Last of a three-part series
MARYSVILLE – “If Jesus gave you a review, what would it be?”
Tom Nelson was talking about how a person’s faith should be a part of the workplace. “Monday matters, not just Sunday,” he said during the recent Work as Worship conference. About 20 people attended at the Marysville Free Methodist Church. They watched via livestream as the conference was in Dallas, but was shown to 13,000 people in 1,000 churches nationwide.
Nelson was one of four pastors who spoke. He is the senior pastor at Christ Community Church in Kansas. He said compassion is so important to show others at work because you don’t know what they are going through. A co-worker could be going through tough financial times. He gave the example of a single mom of seven getting help from his church.
“I don’t have to wear the same clothes every day,” he said she told him.
People should show compassion everywhere, he added. Help the poor kid on the school bus. Teasing him can be “demeaning to the soul.”
“Our church asks itself, ‘How can you get to heaven without helping the poor?’”
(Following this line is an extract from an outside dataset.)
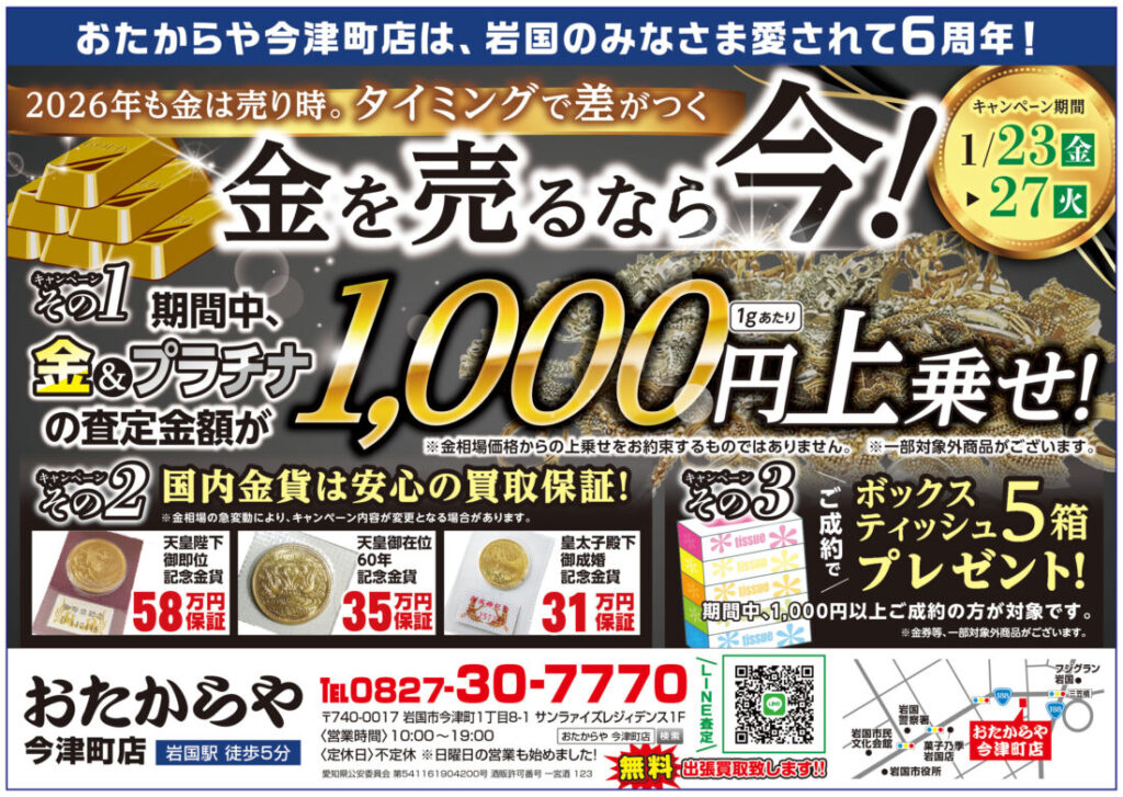 このようなキャンペーンがついてくる今!!お家に眠っている貴金属や金貨がございましたら、ぜひ“おたからや今津町店さん”へ行かれてみてくださいね💰

Nelson said faith and being a productive worker go together. “Jesus was a carpenter,” he said.
Christopher Brooks, senior pastor at Evangel Ministries in Detroit, said his church puts its money where its mouth is. It actually helps start up five new businesses each year. “We’ve been called the salvation of a broken city,” he said.
Brooks said too many communities are focused on poverty management. They are focused on business success. “Don’t just throw money at it and have bigger government programs. Things don’t change. There’s multiple generations of unemployment. It’s not for a lack of resources, it’s due to a lack of relationships.”
Brooks said to lead with compassion and gave other tips.
•Invest in the city, a church can transform a city.
•Along with being a church, be an economic development entity. “Church is a training ground, not a hideout.”
•Poverty is not permanent. Transform the poor into producers.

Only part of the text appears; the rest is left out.